I have an integer matrix that should act like a buffer:
x = {{0, 0, 0, 0, 0}, {1, 1, 1, 1, 1}, {2, 2, 2, 2, 2}};
Now if I add a new row {3, 3, 3, 3, 3}
, the new matrix should look like:
x = {{1, 1, 1, 1, 1}, {2, 2, 2, 2, 2}, {3, 3, 3, 3, 3}};
Is there a clever way of doing this without copying all elements around?
If your matrix is defined as an int **
and you separately allocate each row, then you would only have to swap the row pointers.

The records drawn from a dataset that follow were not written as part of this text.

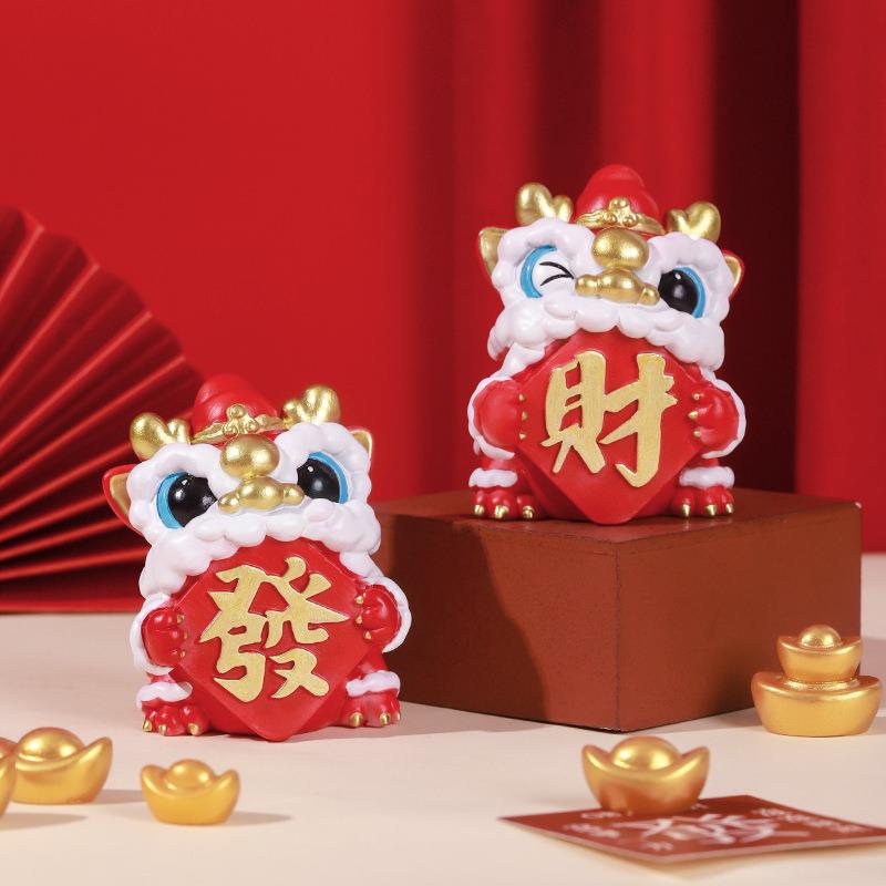 小狮子摆件家居入户门玄关国潮摆件麒麟手办喜庆醒狮装饰品乔迁礼
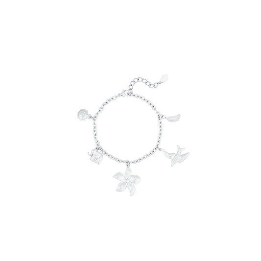 Setje zilveren bedel ketting en armband met lieveheersbeestje olifant bloem vogel blad
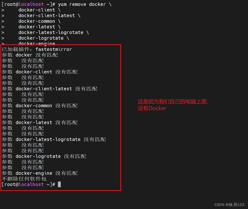 [root@localhost ~]# yum remove docker \
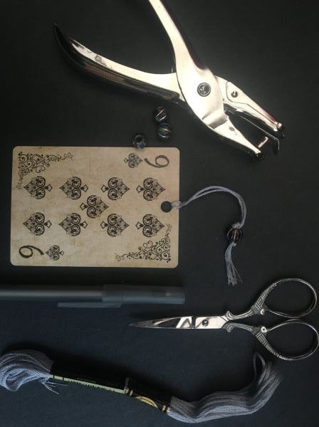 Ideas: You could also transform any unwanted playing cards or tarot cards into card embellishments, gift tags or use them to create a themed shadow box. You can buy hole punches for card making, usually for a very reasonable price, which will punch holes in different shapes. Why not try using these to add star shaped cut outs and other details to your cards?
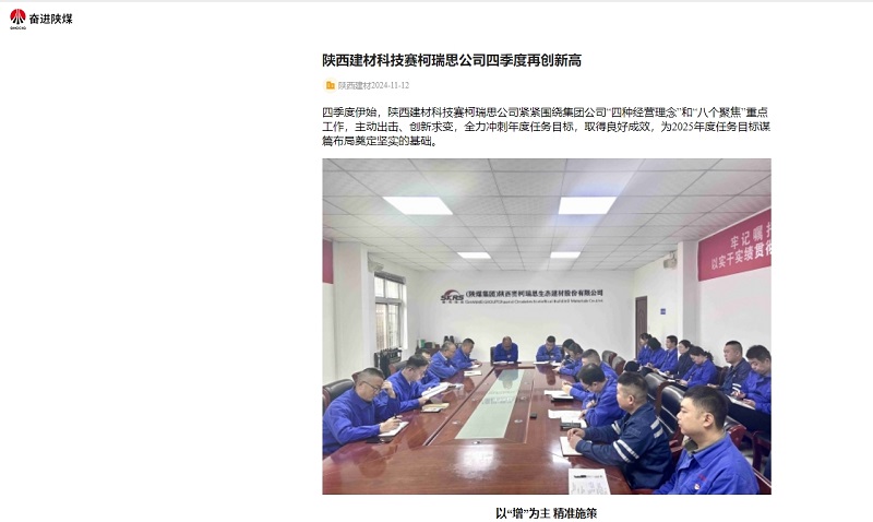 奋进陕煤 | 陕西建材科技赛柯瑞思公司四季度再创新高

How about modulo operation?
If you access the elements as matrix[x + SZ * y]
you could change it to:
matrix[x + SZ * ((y + FIRST_ROW) % SZ)]
.
In this way to implement this shift you just put the new line {3, 3, 3..} where line {0, 0, 0} was, and increment the FIRST_ROW
counter to point to the new starting row.
Use a linked list.
struct node
{
int row[5];
struct node *next;
};
Appending a row is as simple as walking the list to the end, then replacing the NULL next pointer with a new node (whose next pointer is NULL).
Can you increment x
so that it points to the second row, then free the first row? Obviously, you would need to allocate a row at a time and this would not guarantee that the matrix is contiguous. If you require that, you could allocate one big block of memory to hold your matrix and then clobber the unused parts when you reach the end.